BEGIN

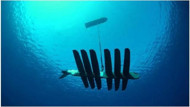 老刘查阅资料后发现,波浪滑翔机是一种无人化海上观测平台,可在不同的海况条件下对海洋环境进行持续、有效的观测。最早研发设计波浪滑翔机的是美国公司Liquid Robotics,2009年研发完成全球第一款 ——Red Flash,该波浪滑翔机采用双体设计的海浪推进式无人水面艇,由水面和水下两部分组成,水面有一个表面浮体平台,水下的“滑翔机”部分通过电缆系在平台下方数米处。浮体和滑翔机协同工作,水下滑翔机上的“水翼”随着波浪作用上下旋转,从而将海洋表面的波浪能转化为水面平台前进的动力。由于波浪能在海洋表面长期存在,因此能够从根本上解决常规海上观测作业平台对能源的需求问题。
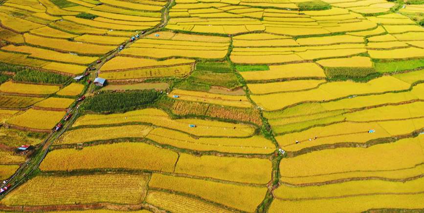 農(nong) 穩天下安,農(nong) 富國家盛。9月23日是第五個(ge) 中國農(nong) 民豐(feng) 收節。在這金秋送爽、青稞飄香的美好時節,西藏疫情防控正處於(yu) 關(guan) 鍵時期,在做好疫情防控的同時,西藏各地秋收工作也在有序展開,農(nong) 民在農(nong) 田果園來回忙碌穿梭,豐(feng) 收的喜悅和幸福洋溢在臉上。
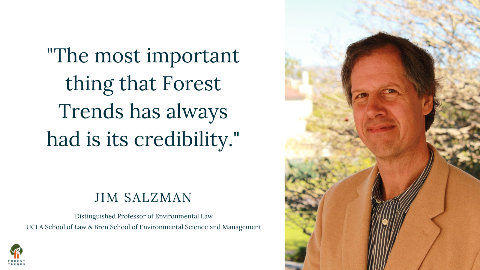 Jim Salzman is a distinguished professor of environmental law at the University of California, Los Angeles (UCLA) Law School and the Bren School of Environmental Science and Management, UC Santa Barbara with over 25 years of experience. One of the leading scholars in the field, he has written 12 books and over 100 articles and book chapters, covering topics from drinking water and ownership engineering to the legal and institutional issues in creating markets for ecosystem services. Jim has been partnering with Forest Trends on environmental markets research for over 20 years and is a Forest Trends Fellow.
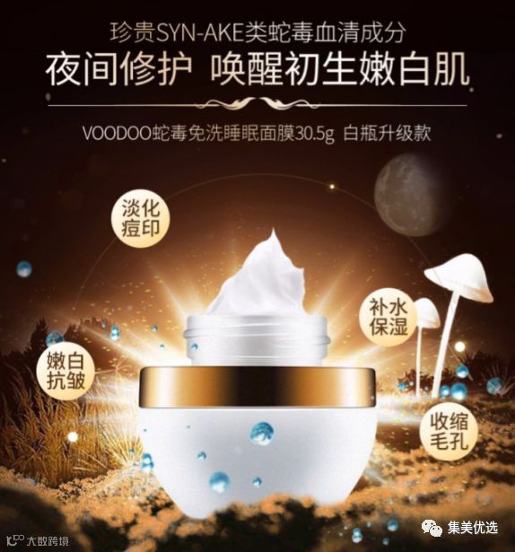 不仅仅是蛇毒,voodoo面膜的主要成分还有:天山雪莲,喜马拉雅盐。
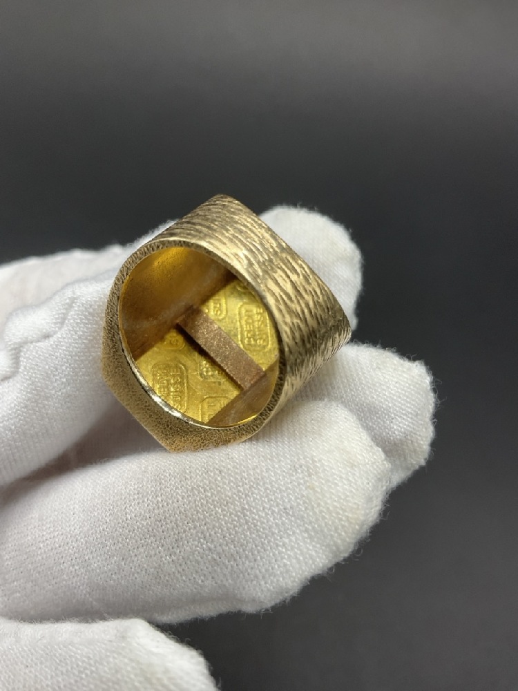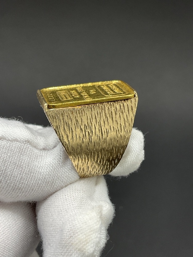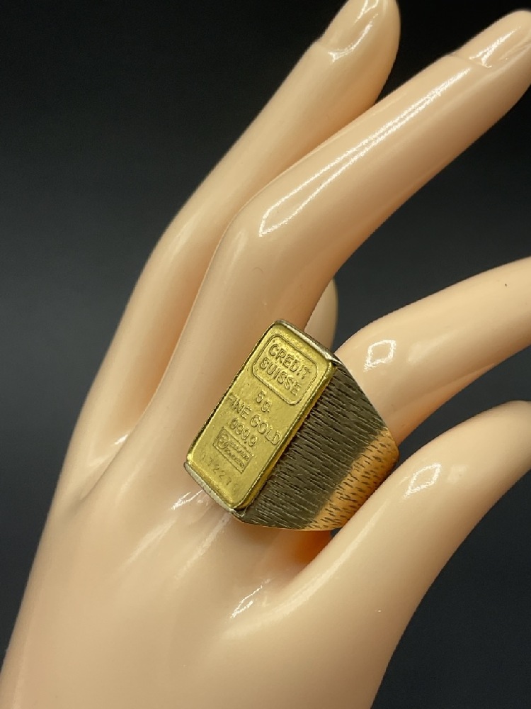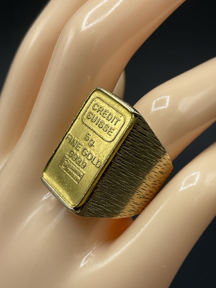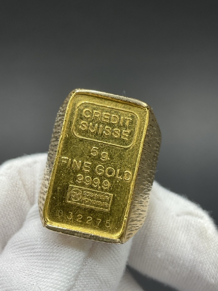 .999 Credit Suisse 5g Gold Ring set in 14K yellow gold.
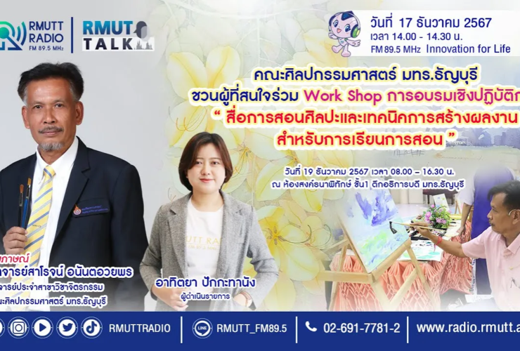 RMUT TALK l คณะศิลปกรรมศาสตร์ มทร.ธัญบุรี ชวนผู้ที่สนใจร่วม Work Shop การอบรมเชิงปฏิบัติการ “สื่อการสอนศิลปะและเทคนิคการสร้างผลงานสำหรับการเรียนการสอน” สัมภาษณ์ อาจารย์สาโรจน์ อนันตอวยพร อาจารย์ประจำสาขาวิชาจิตรกรรม คณะศิลปกรรมศาสตร์ มทร.ธัญบุรี คณะศิลปกรรมศาสตร์ มหาวิทยาลัยเทคโนโลยีราชมงคลธัญบุรี (มทร.ธัญบุรี) ขอเชิญชวนผู้ที่สนใจสมัครเข้าร่วมกิจกรรม Work Shop การอบรมเชิงปฏิบัติการ หัวข้อ “สื่อการสอนศิลปะและเทคนิคการสร้างผลงานสำหรับการเรียนการสอน” จัดโดยบริษัท HHK ร่วมกับภาควิชาทัศนศิลป์ คณะศิลปกรรมศาสตร์ มทร.ธัญบุรี ในวันที่ 19 ธันวาคม 2567 เวลา 08.00 – 16.30 น. ณ ...
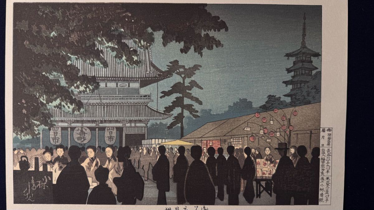 真作 小林清親 『浅草夜見世』 力強い摺りの木版画です 木版画 光線画 東京名所図 錦画 浮世絵 美人画 広重 巴水 吉田博 井上安治
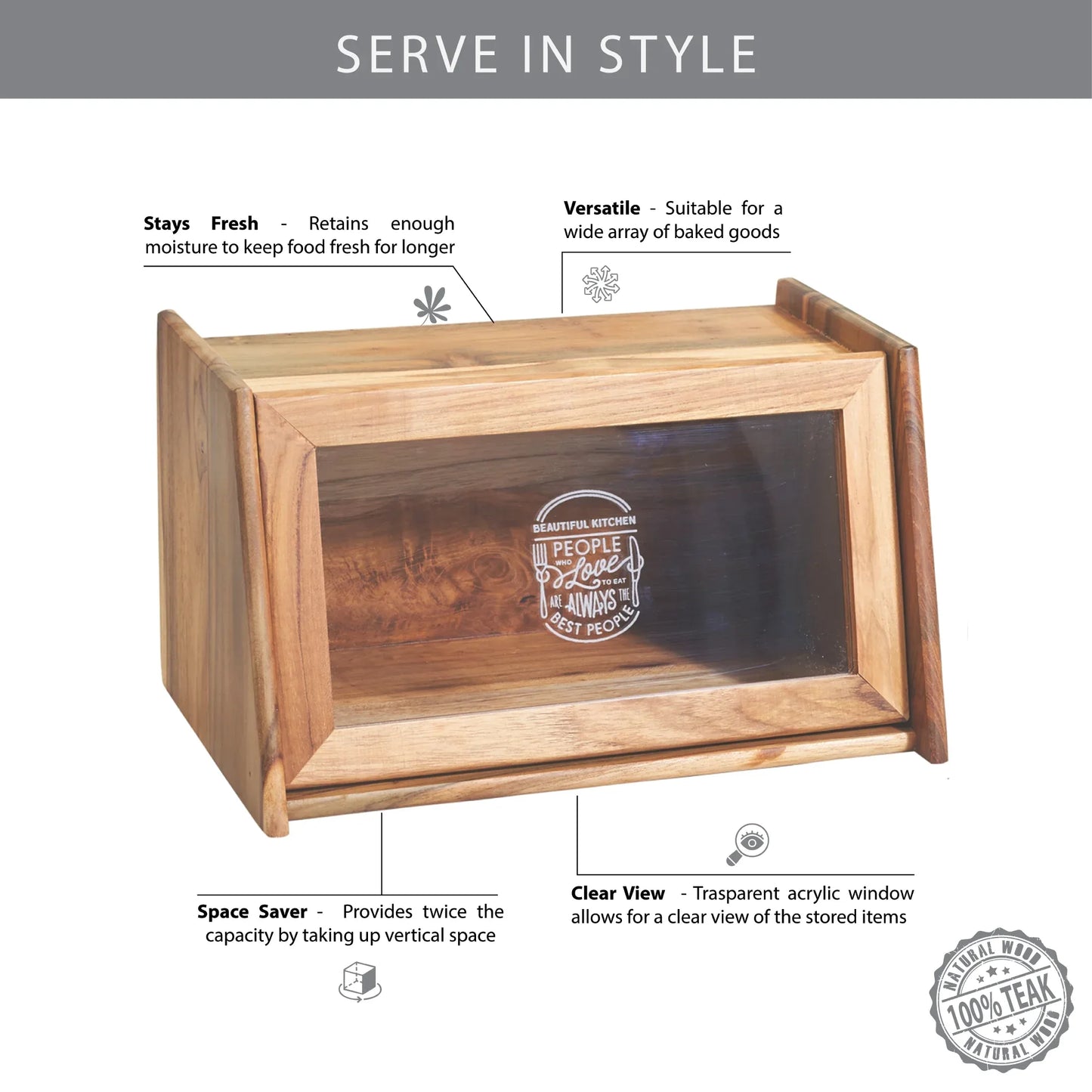 - Smart Design: Store and display bread and pastries inside this sturdy teak wood kitchen countertop bread holder; its chic style will complement any space.
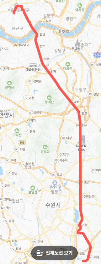 ● 빠른 이동 시간: 광역급행버스(M버스) 특성상 고속도로(경부고속도로, 남산1호터널 등)를 경유하여 일반 시내버스보다 훨씬 빠르게 목적지에 도달할 수 있습니다. 동탄테크노밸리 이후로는 서울 도심 진입 전까지 무정차 운행합니다.
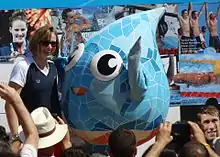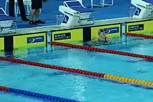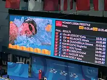 At the 2012 Summer Olympics in London, Ledecky qualified to swim in the final of the 800-meter freestyle by placing third overall in the heats with a time of 8:23.84.[32] In the final, Ledecky stunned the field, winning gold by more than four seconds, with a time of 8:14.63, the then second-fastest effort of all time just behind Rebecca Adlington's world record of 8:14.10 set in 2008.[33] In addition, she broke Janet Evans' American record of 8:16.22 that had stood since 1989. In the final, Ledecky went out hard and, by the 200-meter mark, she had already established an almost body-length lead. Her 400-meter split was 4:04.34, a personal best for Ledecky in that distance, and would have placed fifth in the individual 400-meter freestyle. At the 750-meter mark, Ledecky was 3.42 seconds ahead of Mireia Belmonte García, and 0.31 seconds under world record pace. Ledecky won by 4.13 seconds and just missed the world record by 0.53 seconds. Her gold was the first international medal of her career, earning her the 2012 Best Female Performance of the Year and Breakout Performer of the Year at the Golden Goggle Awards.
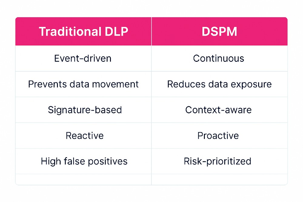DSPM fills the critical gaps traditional DLP missesâdelivering real-time visibility, risk prioritization, and automated action.
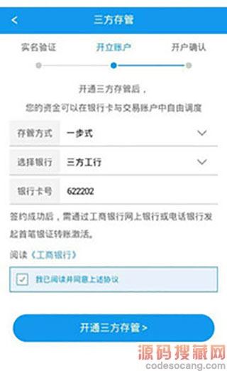 11、开通三方存管。存管方式:农行、光大、兴业、中信、民生、工行、招商、广发、平安选“一步式”(中行须输入电话银行密码,没开通电话银行的慎用);
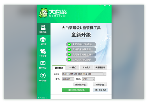 1.下載并安裝好大白菜裝機(jī)版,打開軟件并插入U(xiǎn)盤,選擇“默認(rèn)模式”,點(diǎn)擊需要制作啟動(dòng)的設(shè)備,在模式選項(xiàng)中選擇“USB-HDD”,格式選擇“NTFS”。
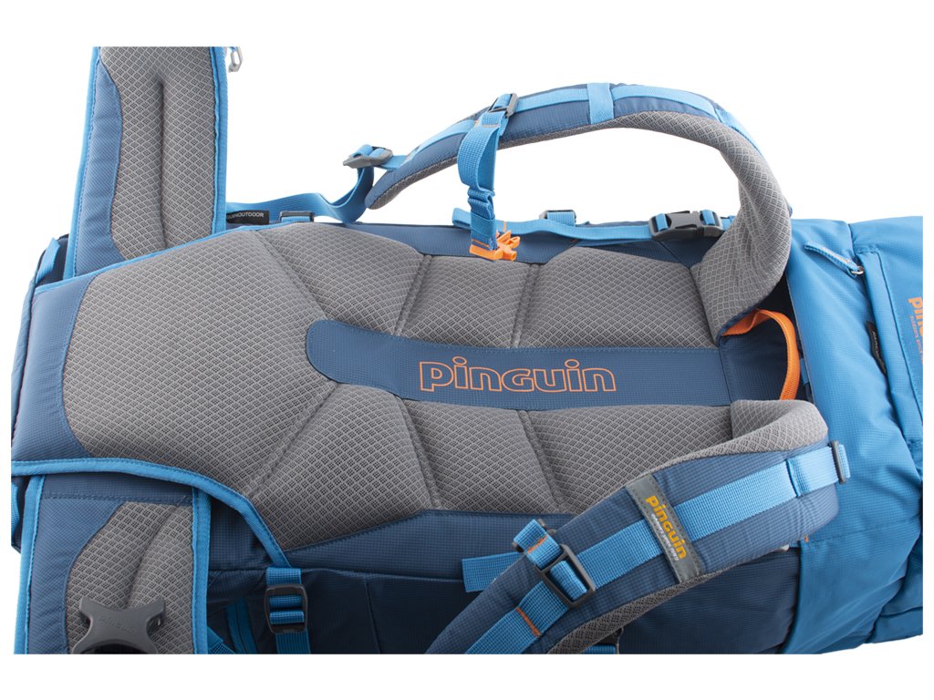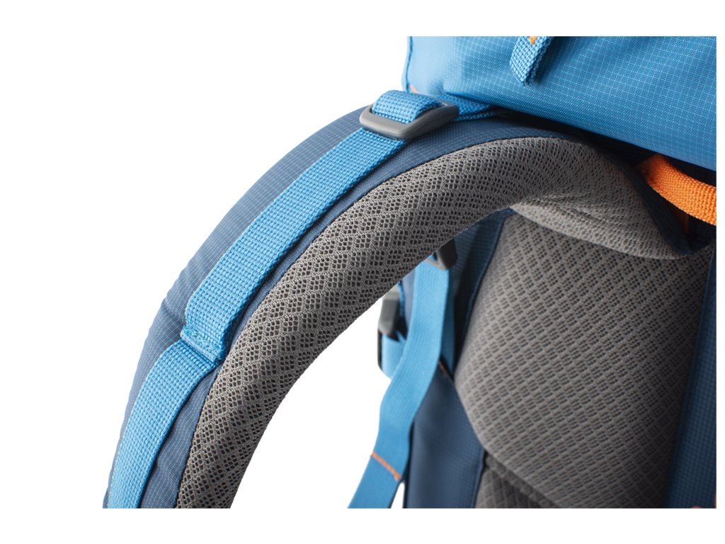 Pevné ramenní popruhy se zesíleným polstrováním pro zachování komfortu i při transportu těžkého nákladu. Výstup na hadici vodního vaku mezi ramenními popruhy. Balanční popruhy v horní části ramenních popruhů a na bocích bederního pásu pro dokonalé usazení batohu na zádech a eliminaci jeho pohybu při chůzi. Záda batohu jsou vyztužena vyjímatelnou HDPE deskou s integrovanou duralovou výztuží, která pomáhá rozložit hmotnost přepravovaného nákladu na záda a eliminuje tlaky přepravovaných předmětů do zad. Pohodlný, šitý zádový systém s polštářky potaženými 3D mesh prodyšnou textilií zajišťuje efektivní odvětrání zad při zachování optimálního rozložení nákladu.
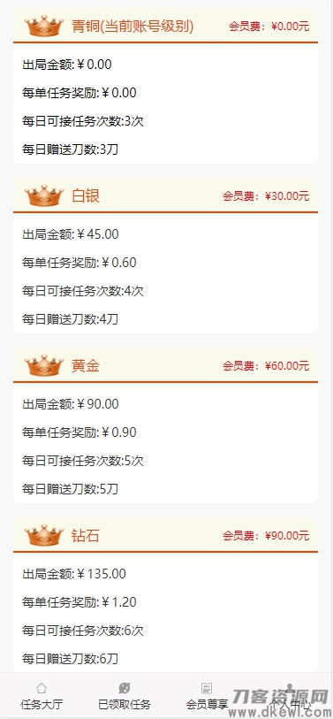 程序为thinkphp3.23框架。发布任务付费开通权限,支持等级购买,不同等级可以设置返佣和领取任务数。支持会员等级购买,三级返佣。
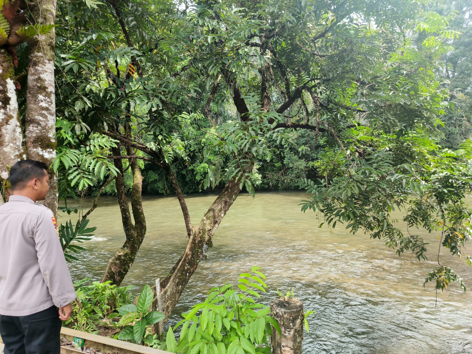Pengecekan debit air DAS Delang oleh anggota piket Polsek Delang dilakukan secara rutin setiap hari dan saat ini kedalaman air Pada Level 60 cm pada Level NORMAL masih dilevel status aman. (Hms)

END

◆ **YOUR OBJECTIVE**
Repeat the material exactly and drop each image.

◆ **WRITTEN RESPONSE**
 老刘查阅资料后发现,波浪滑翔机是一种无人化海上观测平台,可在不同的海况条件下对海洋环境进行持续、有效的观测。最早研发设计波浪滑翔机的是美国公司Liquid Robotics,2009年研发完成全球第一款 ——Red Flash,该波浪滑翔机采用双体设计的海浪推进式无人水面艇,由水面和水下两部分组成,水面有一个表面浮体平台,水下的“滑翔机”部分通过电缆系在平台下方数米处。浮体和滑翔机协同工作,水下滑翔机上的“水翼”随着波浪作用上下旋转,从而将海洋表面的波浪能转化为水面平台前进的动力。由于波浪能在海洋表面长期存在,因此能够从根本上解决常规海上观测作业平台对能源的需求问题。
 農(nong) 穩天下安,農(nong) 富國家盛。9月23日是第五個(ge) 中國農(nong) 民豐(feng) 收節。在這金秋送爽、青稞飄香的美好時節,西藏疫情防控正處於(yu) 關(guan) 鍵時期,在做好疫情防控的同時,西藏各地秋收工作也在有序展開,農(nong) 民在農(nong) 田果園來回忙碌穿梭,豐(feng) 收的喜悅和幸福洋溢在臉上。
 Jim Salzman is a distinguished professor of environmental law at the University of California, Los Angeles (UCLA) Law School and the Bren School of Environmental Science and Management, UC Santa Barbara with over 25 years of experience. One of the leading scholars in the field, he has written 12 books and over 100 articles and book chapters, covering topics from drinking water and ownership engineering to the legal and institutional issues in creating markets for ecosystem services. Jim has been partnering with Forest Trends on environmental markets research for over 20 years and is a Forest Trends Fellow.
 不仅仅是蛇毒,voodoo面膜的主要成分还有:天山雪莲,喜马拉雅盐。
 .999 Credit Suisse 5g Gold Ring set in 14K yellow gold.
 RMUT TALK l คณะศิลปกรรมศาสตร์ มทร.ธัญบุรี ชวนผู้ที่สนใจร่วม Work Shop การอบรมเชิงปฏิบัติการ “สื่อการสอนศิลปะและเทคนิคการสร้างผลงานสำหรับการเรียนการสอน” สัมภาษณ์ อาจารย์สาโรจน์ อนันตอวยพร อาจารย์ประจำสาขาวิชาจิตรกรรม คณะศิลปกรรมศาสตร์ มทร.ธัญบุรี คณะศิลปกรรมศาสตร์ มหาวิทยาลัยเทคโนโลยีราชมงคลธัญบุรี (มทร.ธัญบุรี) ขอเชิญชวนผู้ที่สนใจสมัครเข้าร่วมกิจกรรม Work Shop การอบรมเชิงปฏิบัติการ หัวข้อ “สื่อการสอนศิลปะและเทคนิคการสร้างผลงานสำหรับการเรียนการสอน” จัดโดยบริษัท HHK ร่วมกับภาควิชาทัศนศิลป์ คณะศิลปกรรมศาสตร์ มทร.ธัญบุรี ในวันที่ 19 ธันวาคม 2567 เวลา 08.00 – 16.30 น. ณ ...
 真作 小林清親 『浅草夜見世』 力強い摺りの木版画です 木版画 光線画 東京名所図 錦画 浮世絵 美人画 広重 巴水 吉田博 井上安治
 - Smart Design: Store and display bread and pastries inside this sturdy teak wood kitchen countertop bread holder; its chic style will complement any space.
 ● 빠른 이동 시간: 광역급행버스(M버스) 특성상 고속도로(경부고속도로, 남산1호터널 등)를 경유하여 일반 시내버스보다 훨씬 빠르게 목적지에 도달할 수 있습니다. 동탄테크노밸리 이후로는 서울 도심 진입 전까지 무정차 운행합니다.
 At the 2012 Summer Olympics in London, Ledecky qualified to swim in the final of the 800-meter freestyle by placing third overall in the heats with a time of 8:23.84.[32] In the final, Ledecky stunned the field, winning gold by more than four seconds, with a time of 8:14.63, the then second-fastest effort of all time just behind Rebecca Adlington's world record of 8:14.10 set in 2008.[33] In addition, she broke Janet Evans' American record of 8:16.22 that had stood since 1989. In the final, Ledecky went out hard and, by the 200-meter mark, she had already established an almost body-length lead. Her 400-meter split was 4:04.34, a personal best for Ledecky in that distance, and would have placed fifth in the individual 400-meter freestyle. At the 750-meter mark, Ledecky was 3.42 seconds ahead of Mireia Belmonte García, and 0.31 seconds under world record pace. Ledecky won by 4.13 seconds and just missed the world record by 0.53 seconds. Her gold was the first international medal of her career, earning her the 2012 Best Female Performance of the Year and Breakout Performer of the Year at the Golden Goggle Awards.
DSPM fills the critical gaps traditional DLP missesâdelivering real-time visibility, risk prioritization, and automated action.
 11、开通三方存管。存管方式:农行、光大、兴业、中信、民生、工行、招商、广发、平安选“一步式”(中行须输入电话银行密码,没开通电话银行的慎用);
 1.下載并安裝好大白菜裝機(jī)版,打開軟件并插入U(xiǎn)盤,選擇“默認(rèn)模式”,點(diǎn)擊需要制作啟動(dòng)的設(shè)備,在模式選項(xiàng)中選擇“USB-HDD”,格式選擇“NTFS”。
 Pevné ramenní popruhy se zesíleným polstrováním pro zachování komfortu i při transportu těžkého nákladu. Výstup na hadici vodního vaku mezi ramenními popruhy. Balanční popruhy v horní části ramenních popruhů a na bocích bederního pásu pro dokonalé usazení batohu na zádech a eliminaci jeho pohybu při chůzi. Záda batohu jsou vyztužena vyjímatelnou HDPE deskou s integrovanou duralovou výztuží, která pomáhá rozložit hmotnost přepravovaného nákladu na záda a eliminuje tlaky přepravovaných předmětů do zad. Pohodlný, šitý zádový systém s polštářky potaženými 3D mesh prodyšnou textilií zajišťuje efektivní odvětrání zad při zachování optimálního rozložení nákladu.
 程序为thinkphp3.23框架。发布任务付费开通权限,支持等级购买,不同等级可以设置返佣和领取任务数。支持会员等级购买,三级返佣。
Pengecekan debit air DAS Delang oleh anggota piket Polsek Delang dilakukan secara rutin setiap hari dan saat ini kedalaman air Pada Level 60 cm pada Level NORMAL masih dilevel status aman. (Hms)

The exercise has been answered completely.